I pause. Dad blinks, but stays silent.

"Except I never did," I spit, nailing grinding against the table. "I stared at posters, watched movies with naked men, and it never worked. I thought something was wrong with me—that I was broken."

"Why didn't you say something?" Dad asks, reaching for my hand. "Honey—"

I pull away. "What was I supposed to say? I don't get turned on when I stare at dicks? How do you think that conversation would have went?"

I close my eyes. "How was I supposed to tell you that, sometimes, when we were changing for gym class, I couldn't look away from the other girls? That I kept wondering what it would feel like to hold a girls hand? To… "

A lump forms in my throat.

"I was home, alone, surfing channels, when I stumbled onto this preacher guy, ranting about hell and damnation and all the sins that could lead you there. I thought it was ridiculous, but then he… he started talking about the "gay menace," and how they would destroy the very idea of marriage and all that bullshit."

"Yang…"

I fix him with a hard glare. "That was the first time I'd ever heard the word "gay." The first time I actually had a name to put to what I was.
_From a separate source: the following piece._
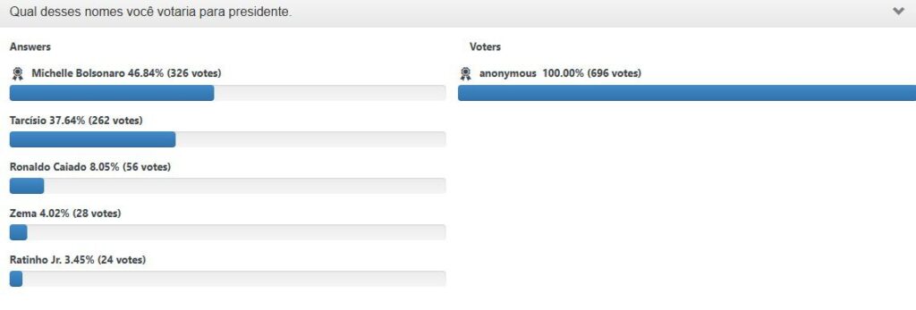Outro aspecto relevante é o perfil dos participantes: em sua maioria, eleitores de direita altamente engajados e com conhecimento político, o que dá à enquete um caráter de termômetro fiel do núcleo conservador.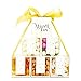 6 CANDIES: Within this mazel tov basket, we include six distinctly delicious candies. The edible gifts in this set are Nordic Mints, White Fruit Sours, Champagne Bubbles, Butterscotch Buttons, Gold Shimmer Jelly Beans, and S'mores Saltwater Taffy, all in their own box for guaranteed freshness.

The first time I realised that I wasn't… w-wasn't some kind of new breed, just… different."

A hardness creeps into my voice. "And I found that out from an asshole in Texas. No one in town ever talked about it. Mom didn't talk about it. You didn't talk about it. I had no idea what you would have thought about—about people like me."

"We weren't going to throw you out—"

"I know," I growl. "I know you wouldn't, and that's what I kept telling myself, but I never had any proof. How… how was I supposed to tell you?"

He's quiet for a long, long time.

He sighs. "I don't know."

"Of course not." I stand and slam my chair into the table, shaking the plates. "I'm going to school."

"Yang—"

"Bye." I leave through the back door, not bothering with my backpack or fresh clothes.

I let the echoes of the door slam chase me down the street.